Back to basics.
The faded bookmark inside this treasured #LouiseHay book I’ve had since 1990 is from the peer tutoring service at which I started working in undergrad. Before that, I was a peer tutor in high school. In gradeschool, I was given the job of tutoring during the classes I had tested out of thanks to Montessori. I have *always* been a teacher. 🤷🏽♀️
I trust that this physical journey I’m on will soon reveal what it is that I’m meant to teach from having experienced it: that we are in charge of our own healing. Always and in all ways. 🧘🏽♀️🔮💫
So while I may have massive ire over what’s been taken from me: my strength, my fitness, my level of activity, my vitality, my lifestyle, my connection with others, my security — it is all here to teach me that surrender is more powerful than fear. That my ability to heal is miraculous. And that my purpose in sharing this is so someone else on this journey may feel less alone. 💗
My homework now is to feel through the repressed feelings I used to deal with through food, through alcohol, through busyness. This physical disruption has dictated that I don’t have the ability to use my most effective addiction (WORK) to distract me anymore.

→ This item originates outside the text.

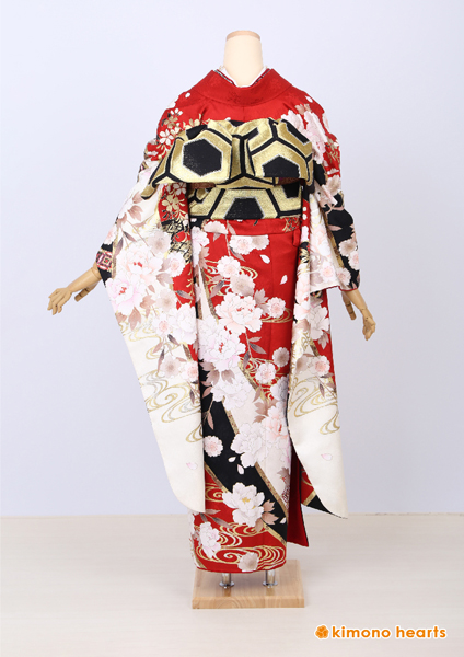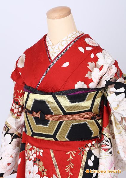深い赤に大きな牡丹・流水柄がカッコイイ振袖。大きく黒地色もはいっており、粋な雰囲気になります。
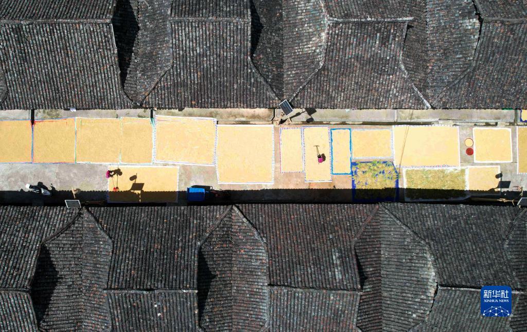 9月16日,在貴州省黔東南苗族侗族自治州從江縣加勉鄉污扣村,村民在晾曬稻谷(無人機照片)。

And that means this is when the *real* work begins. The biggest addiction has always been helping others first… and I have to stop making that a priority now.
If you happen to find value in what I share, that’s wonderful. But I can no longer put others’ needs first. I realize doing THAT was far more damaging than any vodka, than any sugar, than any to-do list I let be the boss of me for so long.
My NO line is about to become more bold than ever before. I am quite literally about to practice what I preach.